The importance of olive cultivation in Italy, among other Mediterranean countries, is well-known. According to ISTAT data, in 2020, more than 1 million hectares of occupied land area in Italy were dedicated to olive cultivation, yielding a total of more than l26 million quintals of olives produced (http://dati.istat.it/, accessed on 22 November 2022). In Sicily, olive production in 2022 covered more than 161,000 hectares of surface, with 3 million quintals produced.

Serious losses in terms of production and olive oil quality can be caused by olive knot disease (OKD), one of the most important olive tree (Olea europaea L.) diseases worldwide [1]. Its main symptom is the formation of overgrowth tissues (knots) in the aerial parts of olive trees, mainly on twigs and branches [2]. Pseudomonas savastanoi pv. savastanoi (Psv) is the causal agent of OKD and is considered one of the major threats to olive tree production, especially in the Mediterranean region, where climatic conditions often favor the spread of the disease [3,4]. The disease rarely induces the death of a tree, but olive production can be severely affected [1,5].

Psv lives epiphytically on the surface of the aerial parts of olive trees [5,6], and under favorable weather conditions, it penetrates into olive tissues, leading to the formation of tumorous overgrowths after a few weeks or several months, depending on climate conditions and the timing of inoculum occurrence [5,7]. Moreover, wounds caused by falling leaves or pruning release signals that activate the response of Psv, inducing tumor formation [2]. Environmental stresses, such as mechanical wounding due to hail events or intense frosts, are considered the main causes of bacterium entrance and symptom development, especially in the northern regions of Italy [8].

Seasonal variation in Psv populations has also been shown to be higher in warm and rainy months (fall and spring) and lower in hot and dry months (summer and winter) in both the leaf and stem surfaces [9,10]. Psv cells growing on any part of a plant may serve as inoculum reservoirs for infection.

Nonpathogenic bacteria belonging to the species Erwinia toletana, Pantoea agglomerans, and Erwinia oleae are frequently associated with Psv within olive knots, communicating with each other by quorum sensing signals and cooperating with the pathogen to increase disease severity [11,12].
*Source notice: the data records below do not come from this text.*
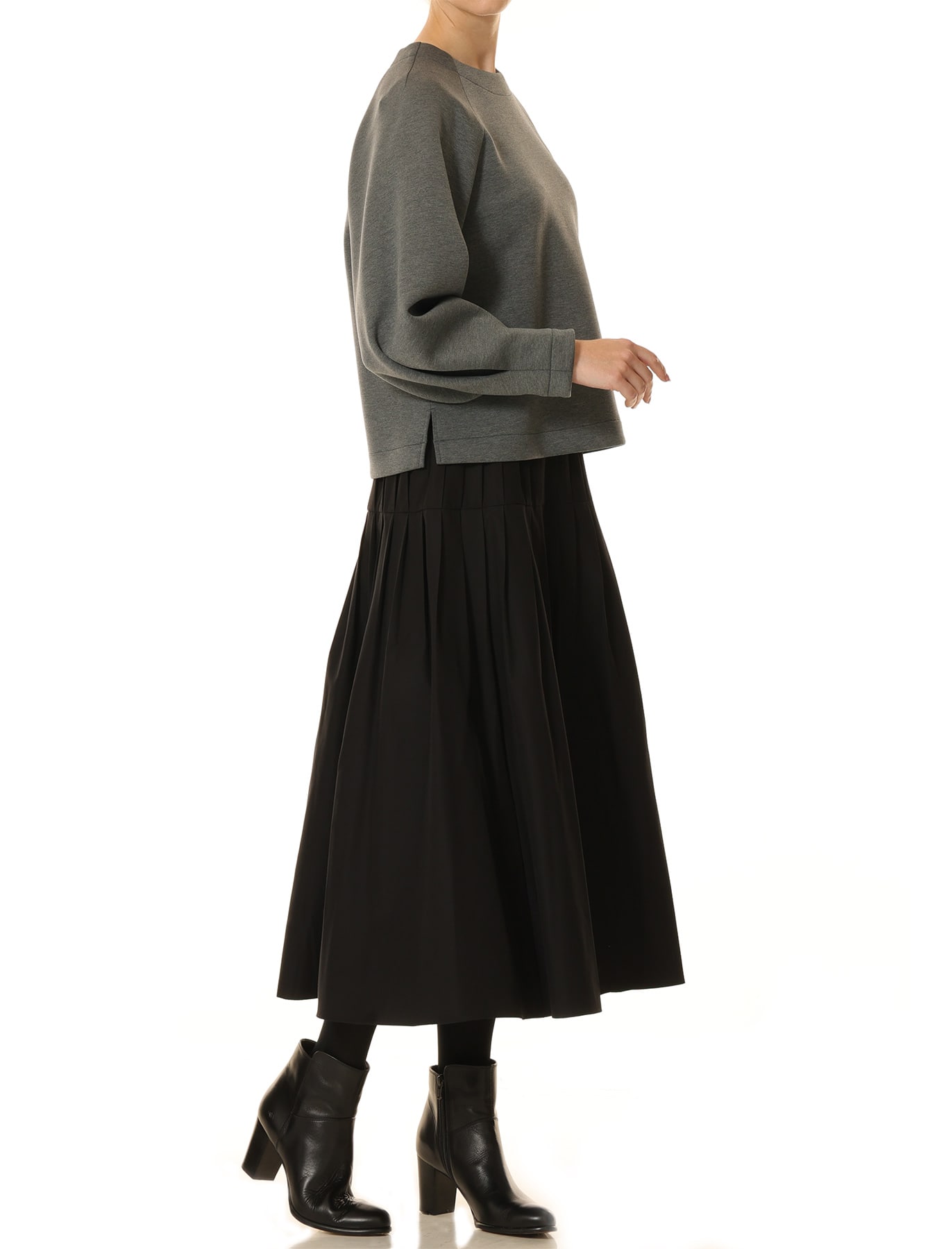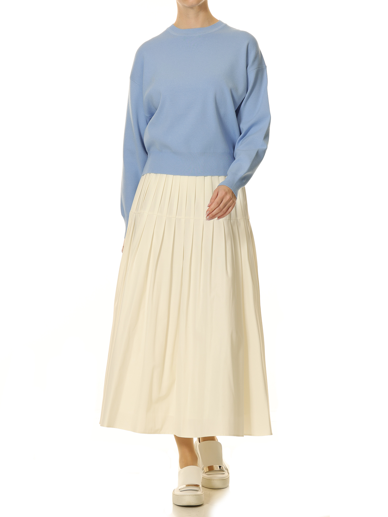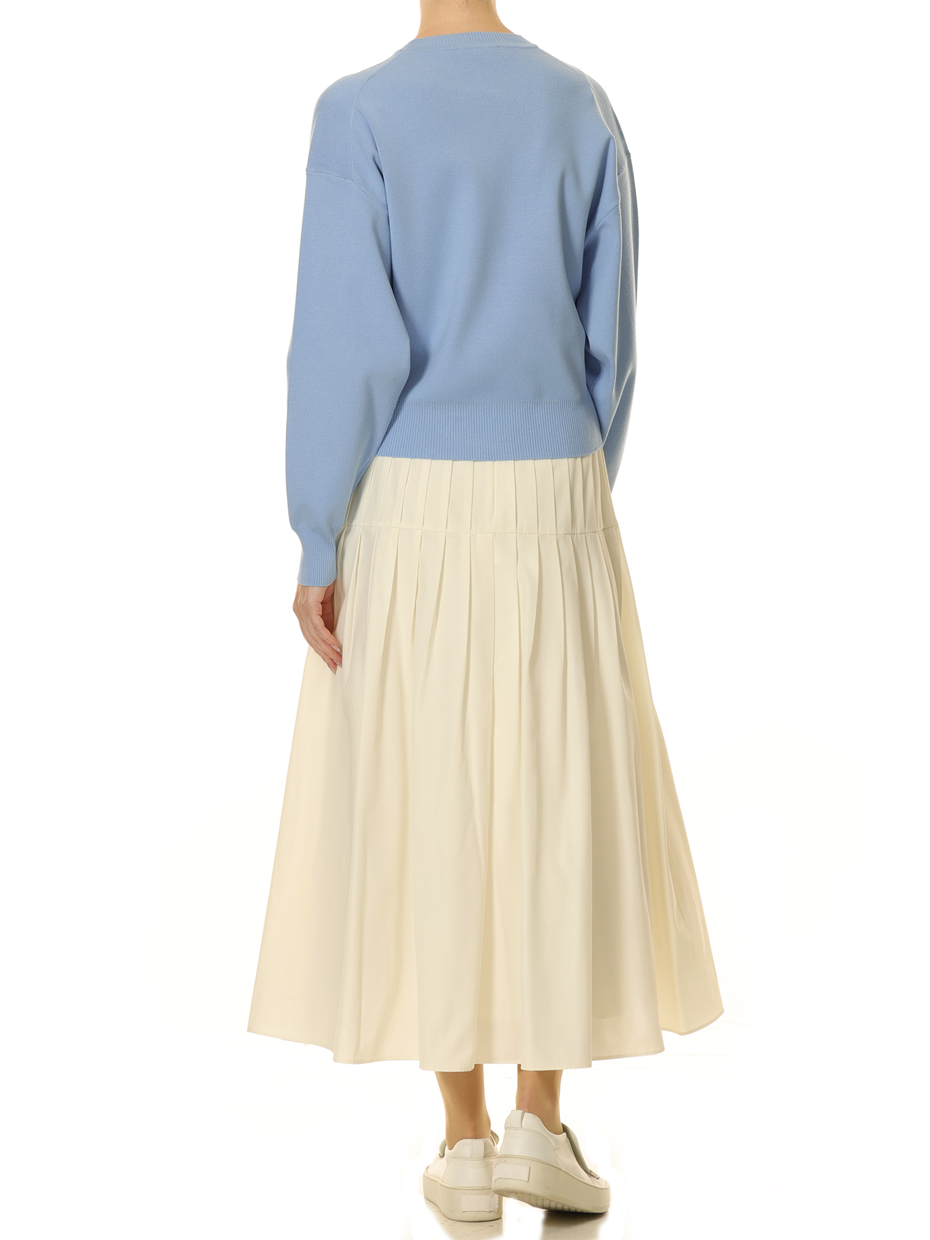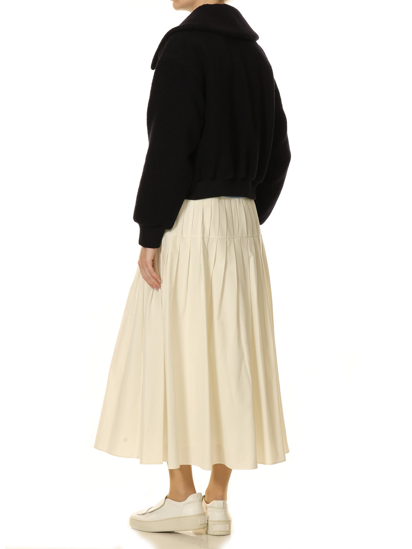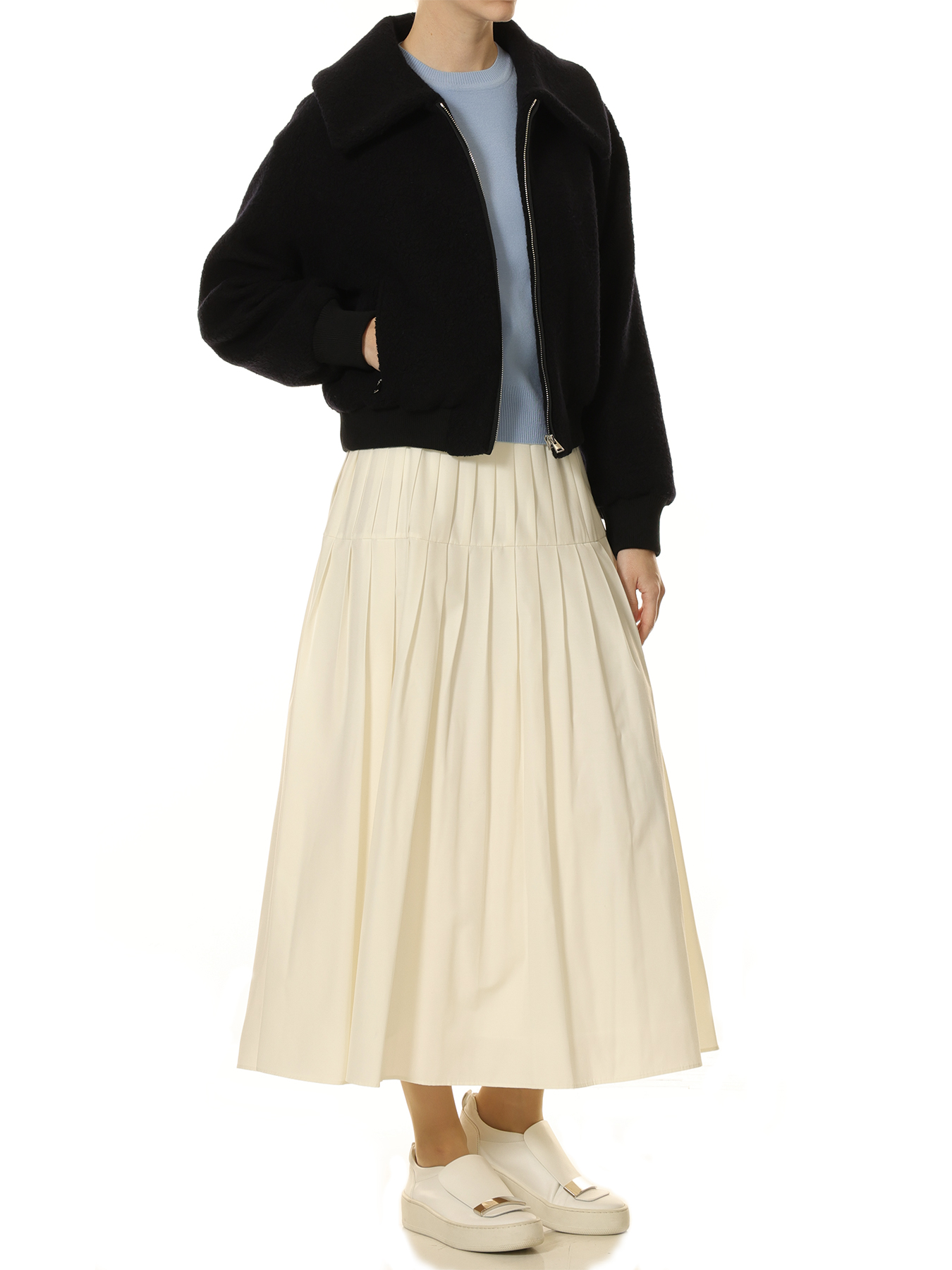タックテクニックによって規則的に並んだプリーツデザインがBLENHEIMらしいモダンな雰囲気を醸すロングスカート。程よいはり感を持つ素材感は撥水機能で雨の日も安心してお召いただけ、UV加工や接触冷感によって暑い季節にも快適に着用いただけるのが嬉しいポイント。ヒップ回りはタイトなフィットに裾のフレア感がエレガントな一枚は、プレスの効いたプリーツデザインによって縦のラインが生まれ、着やせ効果が叶います。トップスはコンパクトな丈感のアイテムやタックインしてすっきりとまとめてコーディネートしていただくのがお勧めです。 ・抗UVカット加工素材 ・接触冷感素材 ・撥水加工素材 ・ご家庭で手洗い可能 ・OFF WHITEは裏地あり ・バックコンシールファスナー開き ・スチーム可能(プリーツ部分は不可) ・OFF WHITEはやや透け感あり ・ジャストフィット。通常サイズをお勧めします。 【お問い合わせ品番】 U446-003 OFF WHITEのみ:U446-002
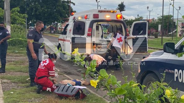 Brutal golpiza propinaron a agresivo sujeto, luego de que este intentó golpear a una joven con 6 meses de embarazo y a otras personas, el cual fue auxiliado por Socorristas de la Cruz Roja, quienes lo llevaron a recibir atención médica a un hospital.
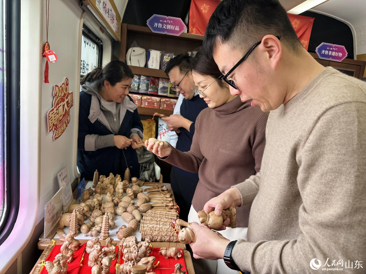 车厢内,非遗代表性传承人现场展示凌氏剪纸、社火脸谱、沾化渔鼓戏等技艺,让传统民俗与春运归途温暖相遇;沂蒙炒鸡、沂河鱼丸、桃木制品等农特产品整齐陈列,将齐鲁大地的丰饶与乡情一并打包;更有现场手写春联、福字等节礼,为返乡旅客送上真挚祝福。(乔姝、实习生王瑾瑄)
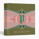 classeur/album mariage design unique avec couleurs de plumes paon parées de ruban en satin rose - Monogramme de pièce centrale devant et derrière : tout le texte est entièrement personnalisable - couleur et style de police.
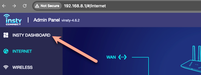 From the main router admin page, click on the "Insty Dashboard" link in the upper left menu.

Currently, the only strategies to control the disease are pruning and the application of cupric products. However, considering the EU limitations for the use of copper [13], an essential strategy to enhance protection is represented by the identification of less susceptible cultivars [14]. Previous observations (very limited and not complete) stated that there were no cultivars resistant to OKD [15]. However, very few studies have been undertaken to explore cultivar susceptibility to OKD, especially under field conditions [5,16,17,18,19]. Not enough data are available on the pathogen susceptibility of Italian cultivars and, in particular, of Sicilian cultivars that have been gathered by field investigation or artificial inoculation [16,20,21]. A correlation between cultivar susceptibility and late winter frost was demonstrated among some Italian cultivars [22]. However, susceptibility to frost is not homogeneous among cultivars [23,24] and is somehow related to late frost tolerance [25].

A recent comprehensive survey on cultivar susceptibility was carried out after the screening of a worldwide germplasm olive collection maintained in California, USA (National Clonal Germplasm Repository in Winters), containing 104 genotypes; among them, 15 came from Italy, with only cv. Ogliarola Messinese from Sicily [21].

The traditional idea that disease symptoms are caused by a single pathogen is changing toward a new concept that involves complex microbial interactions. The protection of a plant, as well the decrease in health status, are dependent on the set of bacteria or fungi living within the plant in a relationship of either cooperation or antagonism. The microbial consortium that leads to the progression of a disease was recently termed the pathobiome [26]. Microorganisms of different kingdoms can interact with each other, resulting in enhanced or decreased pathogenicity. For this reason, the pathobiome plays a crucial role in the different manifestations of symptoms visible in a host, which can show different rates of susceptibility. In this sense, the role of endophytic fungi has been recognized as crucial in the protection of host plants against biotic adversities through cross-talking signals that allow the onset of compatible interactions [27,28]. In perennial crops, such as olive, where the factor of time has a great impact on cultivation, a strong equilibrium between the endophytic microbiota and the host plant was clearly established [29]. Moreover, through the production of bioactive compounds and stimulation of the defense reaction, endophytic fungi were able to procure beneficial effects for their host plants [28].

A recent study on OKD used as a model demonstrated that the composition and abundance of epiphytic and endophytic fungal communities were affected not only by the presence or absence of the disease, but also by the host plant genotype [30]. Similarly, OKD is the main driver of bacterial communities in olive plants showing different levels of susceptibility, with higher effects on susceptible cultivars and endophytic communities. This confirms that host plants and plant habitats have crucial roles in shaping pathobiome composition, and disease is the result of intricate relationships among all these factors [31]. With reference to the outbreak of the quick decline syndrome incited by Xylella fastidiosa in southern Italy, research on the potential association with microbial endophytes was carried out for two cultivars of high and low susceptibilities, revealing no effects on the mechanism of resistance [32].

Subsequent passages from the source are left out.